• **Exercise data**
· · · ·

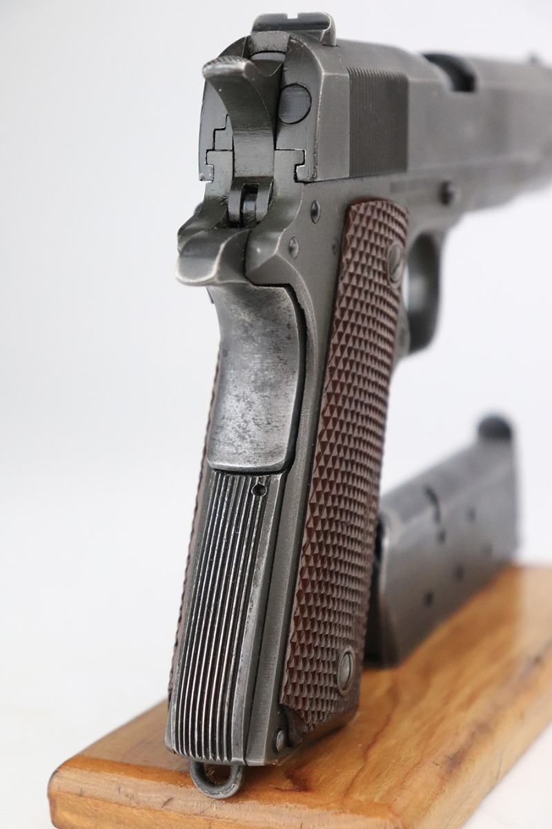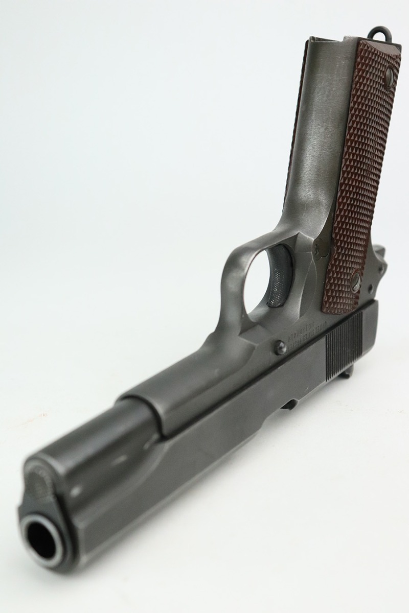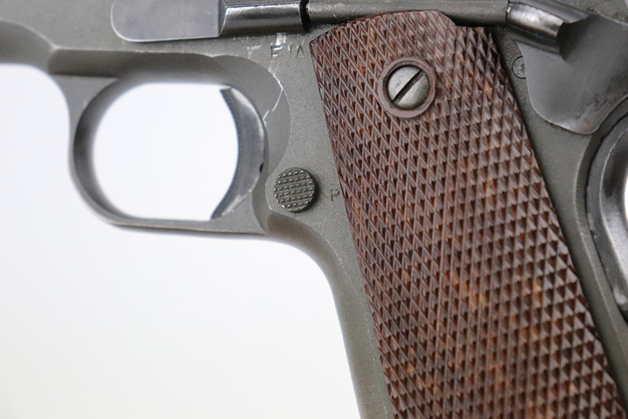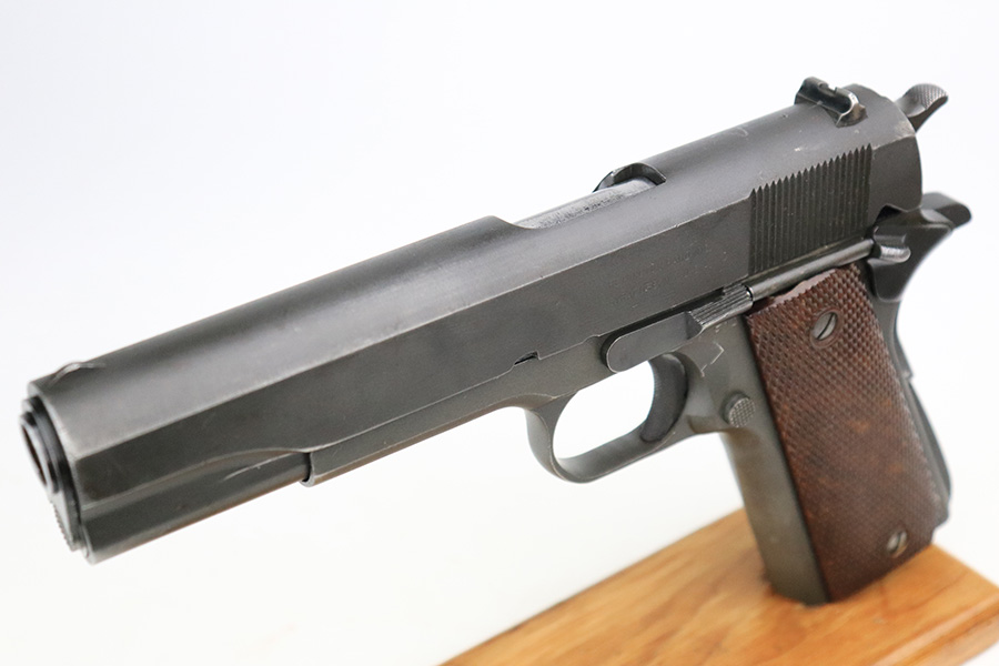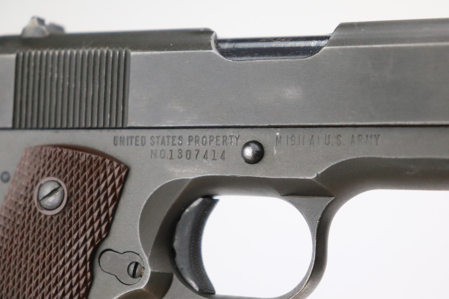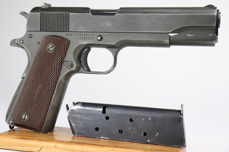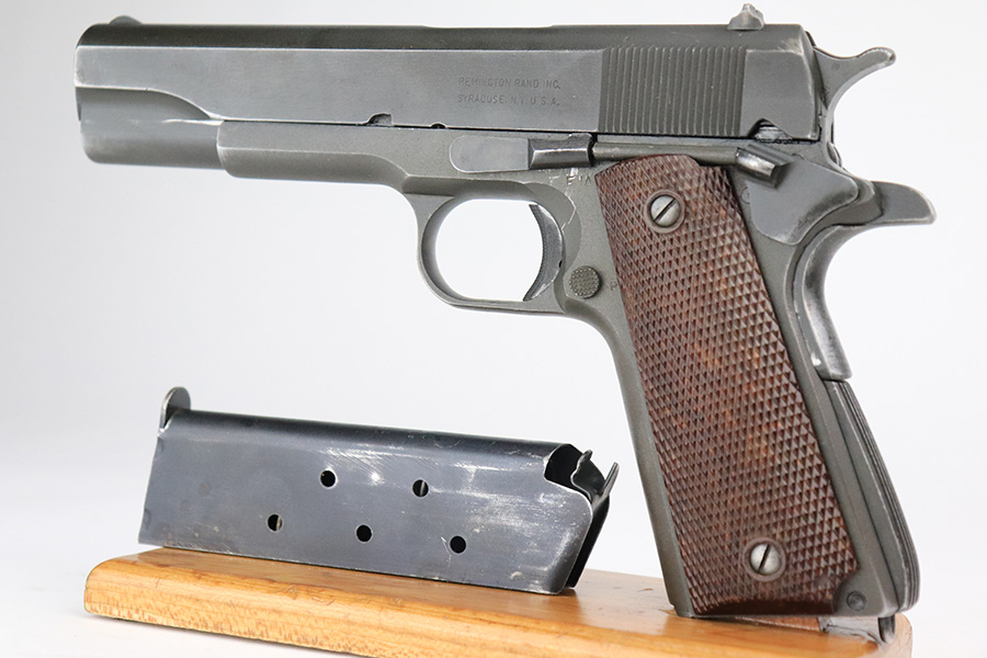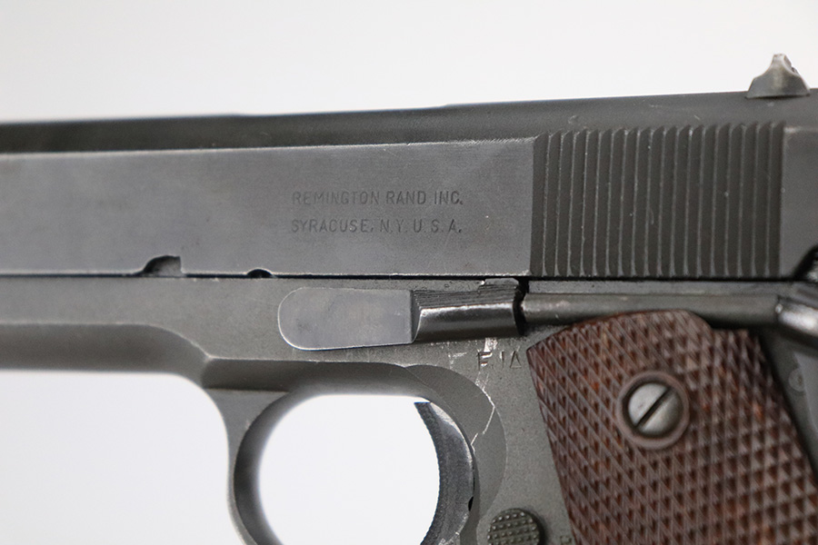 6/29/22 – This is a nice, original Remington Rand from late in 1943. Issued to the US Army with proper FJA inspector mark on frame. The original finish rates at about 85% with the vast majority of the wear on the front strap and grip safety. Proper HS barrel with minty bore. Nice grips with only minor smoothing. Postwar magazine.
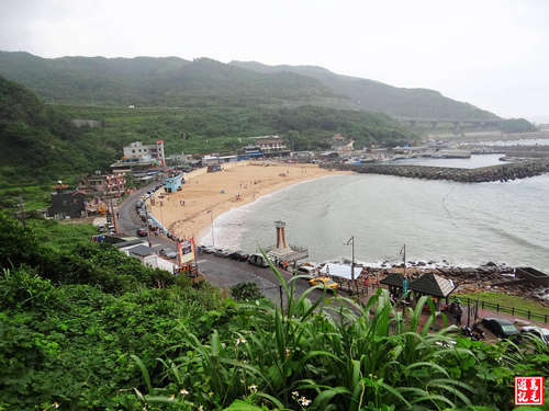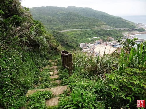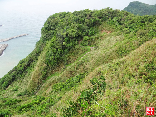 走在稍有雜草的海興步道,沿中山峽谷下往澳仔漁村,風雨之中回望老鷹岩及俯看山下的漁村沙灘景色。
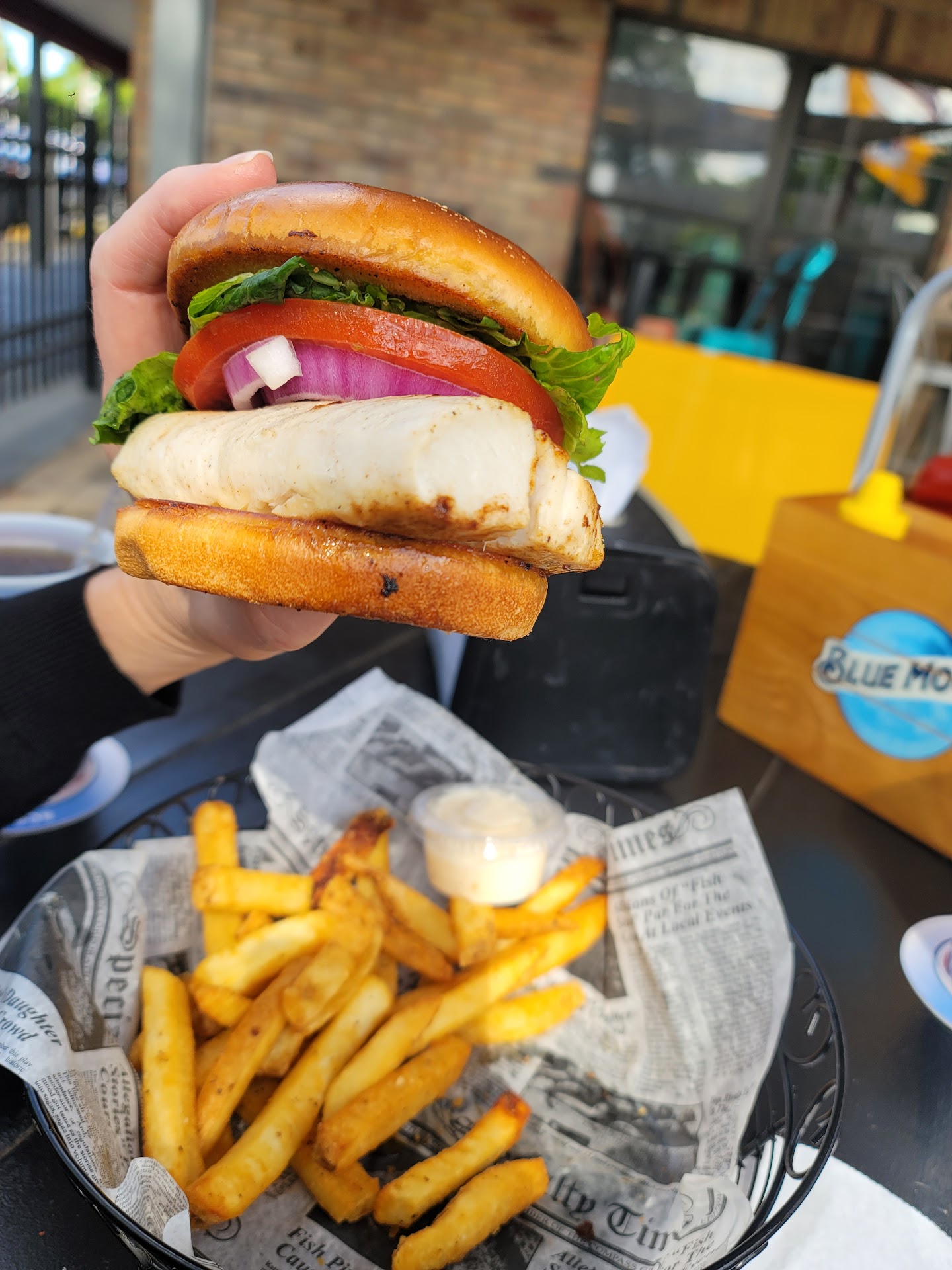 Read moreThis review was from when the place was called TNT, Trudys Neighborhood Tavern. Mom and I went there today for a late lunch/early dinner. The grilled mahi sandwich on brioche bun was excellent (see my photos). It was a large piece of fish, cooked to perfection on a toasted brioche bun with lettuce tomato and onion, tarter or mayo came on the side. The fries are some of the best we have ever had, they were thick and chunky! Mom had the French dip and she loved it. It was so big she was only able to eat a third of it. We ate outside, there were a few smokers so we sat with the wind at our back. Service was great, we were waited on almost instantly, food was prepared quickly, and the portions were big. We will tell our friend and neighbors to...
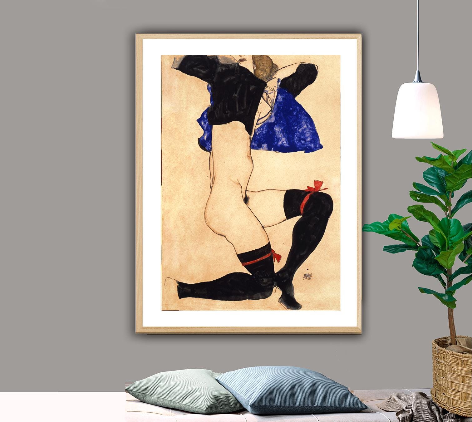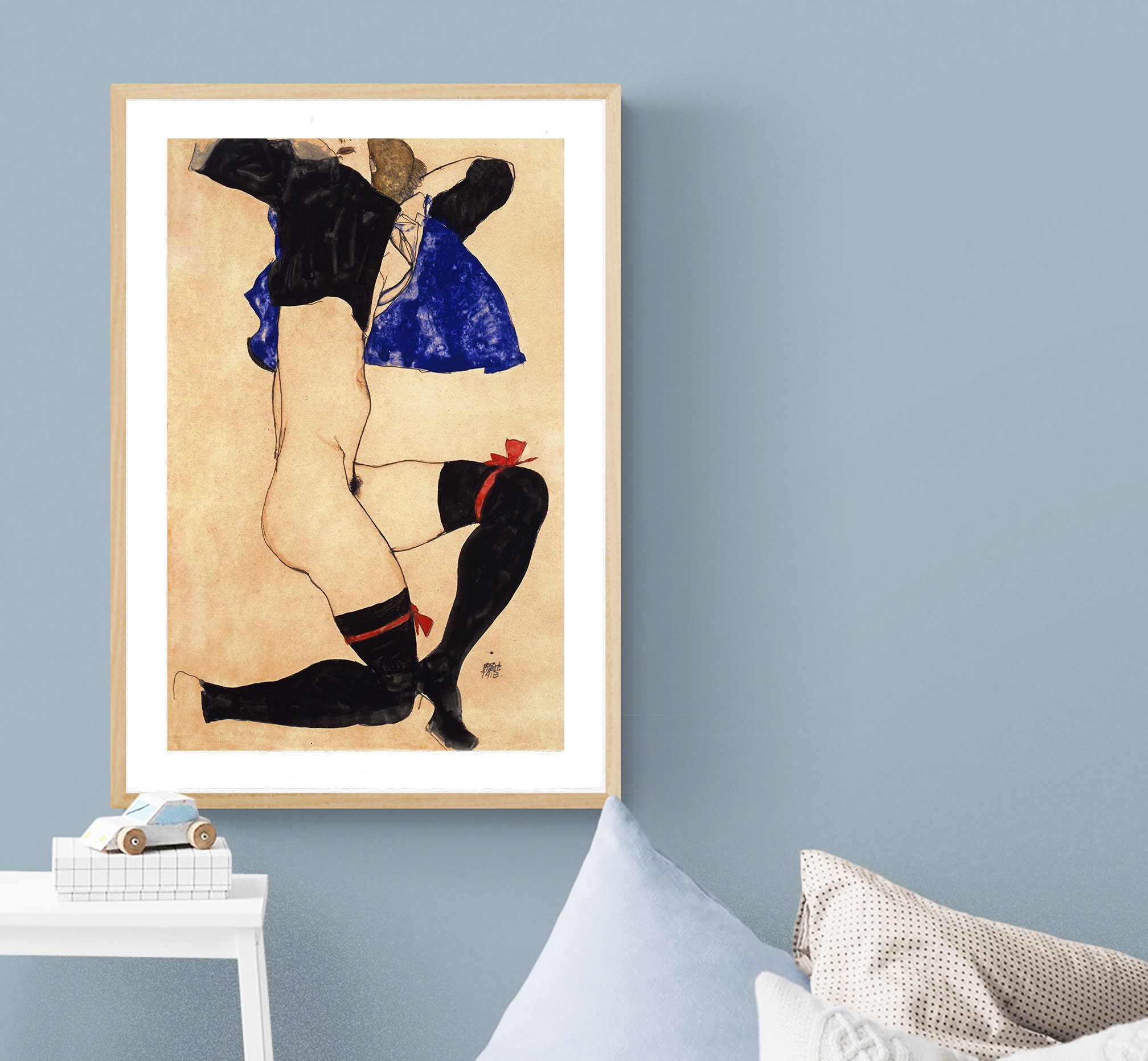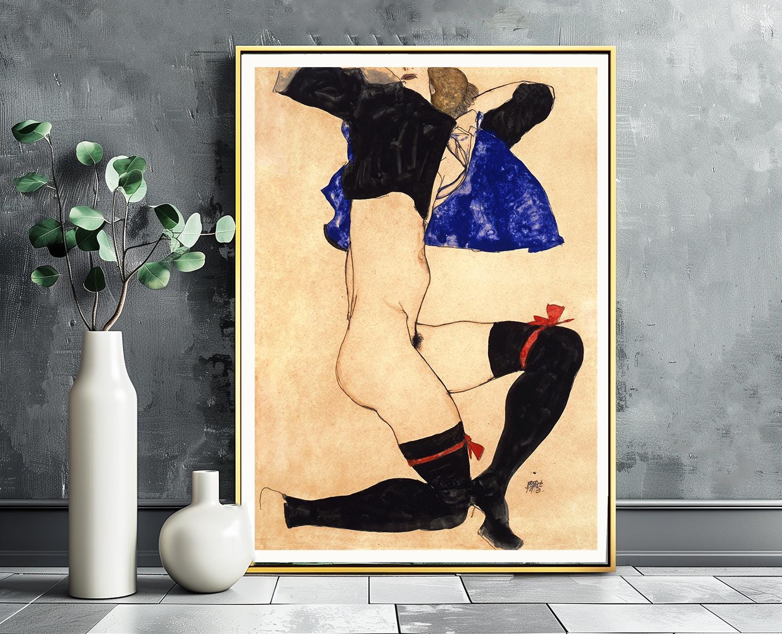 Semi Nude in Black Stockings with Blue Jacket by Egon Schiele by Fine Art Print - Nude Poster / Gift Idea / Wall Decor

· · · ·

• **Exercise details**
An exact, image-free transcript of the material is required.

• **The answer**
 6/29/22 – This is a nice, original Remington Rand from late in 1943. Issued to the US Army with proper FJA inspector mark on frame. The original finish rates at about 85% with the vast majority of the wear on the front strap and grip safety. Proper HS barrel with minty bore. Nice grips with only minor smoothing. Postwar magazine.
 走在稍有雜草的海興步道,沿中山峽谷下往澳仔漁村,風雨之中回望老鷹岩及俯看山下的漁村沙灘景色。
 Read moreThis review was from when the place was called TNT, Trudys Neighborhood Tavern. Mom and I went there today for a late lunch/early dinner. The grilled mahi sandwich on brioche bun was excellent (see my photos). It was a large piece of fish, cooked to perfection on a toasted brioche bun with lettuce tomato and onion, tarter or mayo came on the side. The fries are some of the best we have ever had, they were thick and chunky! Mom had the French dip and she loved it. It was so big she was only able to eat a third of it. We ate outside, there were a few smokers so we sat with the wind at our back. Service was great, we were waited on almost instantly, food was prepared quickly, and the portions were big. We will tell our friend and neighbors to...
 Semi Nude in Black Stockings with Blue Jacket by Egon Schiele by Fine Art Print - Nude Poster / Gift Idea / Wall Decor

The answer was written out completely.